地域活動支援センターは、障害者の地域生活を支える日中活動の場です。地活(ちかつ)と略称で呼ばれることが多いですね。

地域活動支援センターは障害者の日中活動支援を行う福祉サービスの一つです。社会的つながりを求めている方から、将来的に就職を目指して体調ケアを兼ねてきている方まで、利用者層は様々です。

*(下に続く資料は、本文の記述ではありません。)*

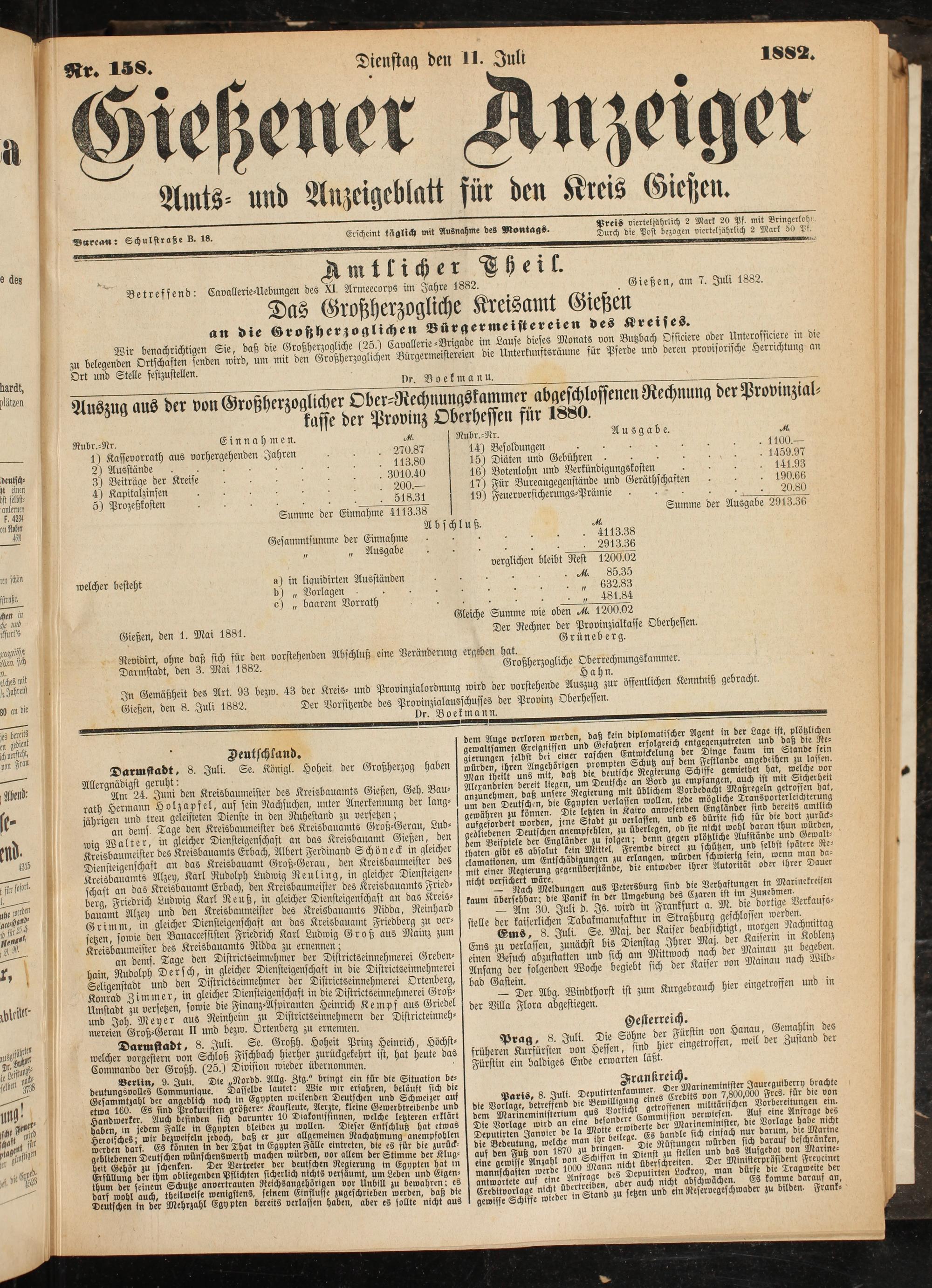 Gießm, den 8. Juli 1882. Der Vorsitzende des Provinzialausschusses der Provmz Oberhessen.
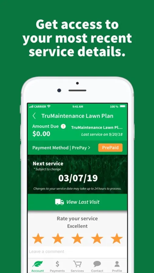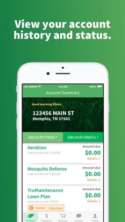 Manage all your lawn care needs on the go with the TruGreen mobile app. You’ll be able to access, update, and provide feedback on all of your TruGreen lawn services in one convenient place – no more phone calls needed! Real-time notifications will keep you informed of your specialist’s ETA before they arrive, and their progress after the visit. To sign up, you’ll need your TruGreen account number from a previous bill or email communication.

今回はそんな地域活動支援センターについてサービス概要はもちろん、就労継続支援サービスとの違いや選び方まで解説していきます。最後までご覧ください。

この記事を見れば知ることができること

  • 地域活動支援センターの概要
  • 地域活動支援センターと就労継続支援サービスの違い
  • 地域活動支援センターの選び方
  • 地域活動支援センターからの就職の可能性

それでは一つずつ見ていきましょう。

地域活動支援センターとは

地域活動支援センターとは、ひとことで言えば、障害者の日中活動の場です。

厚生労働省の地域生活支援事業において運営されている福祉サービスです。具体的には以下のように規定されています。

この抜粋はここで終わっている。